2014: The second-worst year for journalists jailed

An annual census by the Committee to Protect Journalists finds that there are 220 journalists jailed by states

There are at least 220 journalists imprisoned around the world, with 132 of them held on anti-state charges of terrorism or subversion, according to a report released Wednesday by the Committee to Protect Journalists (CPJ).

The CPJ census on jailed journalists indicates that 2014 is the second worst year for reporters behind bars since the organization started conducting its annual census in 1990. The worst year was 2012, when 232 journalists were jailed.

The report does not count journalists being held by nonstate actors, such as the Islamic State of Iraq and the Levant (ISIL), which the CPJ estimates is holding 20 journalists.

The number of journalists held by nonstate actors — about 80 have been taken by various groups since the Syrian conflict started in 2011 — is unprecedented, according to Robert Mahoney, deputy director at the CPJ.

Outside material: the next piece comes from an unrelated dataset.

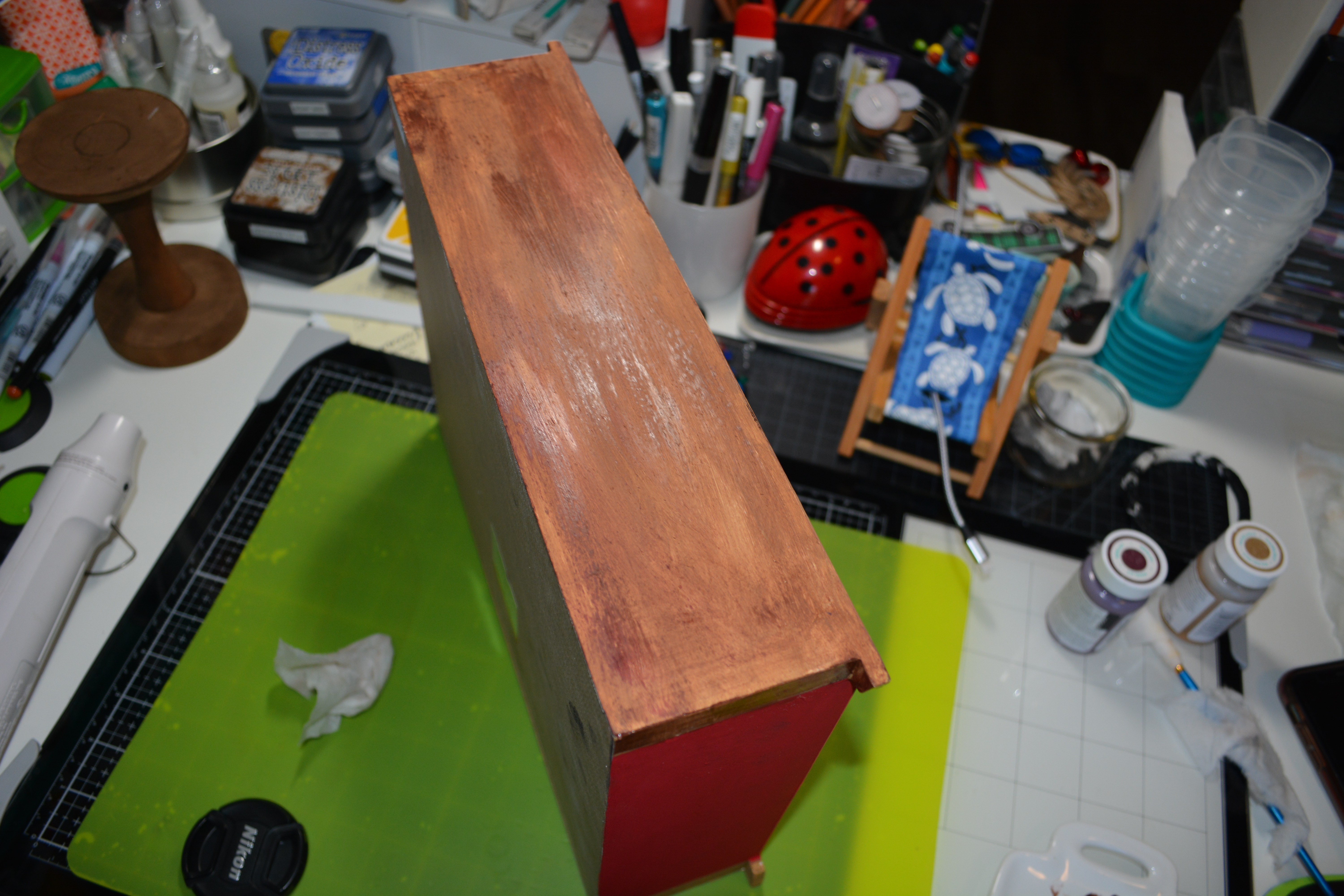 After the red chalk paint is dry, I took Waverly Chalk Paint in Hazelnut and painted the bottom and the top mantle with it. I let that dry just a bit and then dry brushed Waverly Antique Wax. This made the mantle and the bottom edge look like wood. I left the inside of the fire place black.

“We’ve never seen so many journalists held captive — for ransom or other reasons — by nonstate actors,” he said.

Mahoney said it’s clear that the journalism landscape is shifting. “The targeting of journalists has been increasing to alarming proportions,” he said. “Journalists are now losing the protected observer status that they had, and now they’ve become the story rather than being the witness to the story to some groups.”

China fears chain reaction

Chinese police in May detained prominent journalist Gao Yu for allegedly leaking the Central Committee’s Document No. 9, which warns of the perils of a free press and democracy.
Mike Clarke / AFP / Getty Images

The world’s leading jailer of journalists is China, which is holding 44 reporters, according to the CPJ.

Gao Wenqian, a policy adviser with Human Rights in China, said there are two principal reasons for the new round of crackdowns: The increased outspokenness of journalists “in response to promises made by President Xi Jinping during his early days in office.”

“The escalated crackdown on journalists over the past year has been an effort by the authorities to control the media as they realized that things would get quickly out of their control if people really practiced what Xi Jinping said,” said Gao, adding that these fears are “compounded by the economic slowdown in recent years,” which he said has “sharpened social conflict.”

Also worth noting, said Gao, is that more than half the detained journalists are Tibetan or Uighur. “The persecution of ethnic minorities is part of the overall human rights situation,” he said. “The fear is that separatist dissent could produce a chain reaction in Taiwan and Hong Kong.”

The Hong Kong pro-democracy protests have played a role in China’s media crackdowns, said activist and blogger Wen Yunchao. “The umbrella revolution [in Hong Kong] will certainly make the lives of Chinese journalists harder,” he said, adding that over 100 Chinese citizens have been detained and arrested for supporting the protests, including journalists.

“Under the name of protecting secrecy, the government has further tightened the control of the press. Therefore, more Chinese journalists got arrested last year,” said Wen. “This doesn’t mean that journalists are more outspoken today than they were before. In fact, journalists have been quite silent.”

State secrets vs. free media

Washington Post reporter Jason Rezaian has been held in Iran’s Evin Prison since July. He was charged with unspecified crimes after being detained for nearly five months. According to the CPJ census, charges haven’t been disclosed against 20 percent of jailed reporters.

Increasingly, the CPJ study notes, governments are enacting laws that facilitate media crackdowns based on the notion of state security, as is the case with a new law in Japan.

It’s an argument used by major jailers of journalists, such as China, Iran and Egypt, where the number of jailed reporters has double since 2013, to 12 identified cases.

Egypt has held three Al Jazeera journalists — Peter Greste, Mohamed Fahmy and Baher Mohamed — since Dec. 29, 2013, with sentences ranging from seven to 10 years. Their appeal is scheduled to be heard on Jan. 1, 2015.

Although Turkey, deemed “the world’s worst jailer” of journalists by the CPJ in 2012 and 2013, released a number of reporters this year, a recent raid resulting in the detention of at least 23 journalists employed by news organizations linked to a cleric who is at odds with President Recep Tayyip Erdogan has raised red flags.

“In the case of Turkey, definitely, it is a regressive step. That’s a disturbing trend because Turkey is an important democracy in the region," said Mahoney.

in Iran the number of detained reporters in is down to 30, from 35 in 2013, the CPJ study says. But the July arrest of Washington Post reporter Jason Rezaian has led to concerns of worsening crackdowns in the country.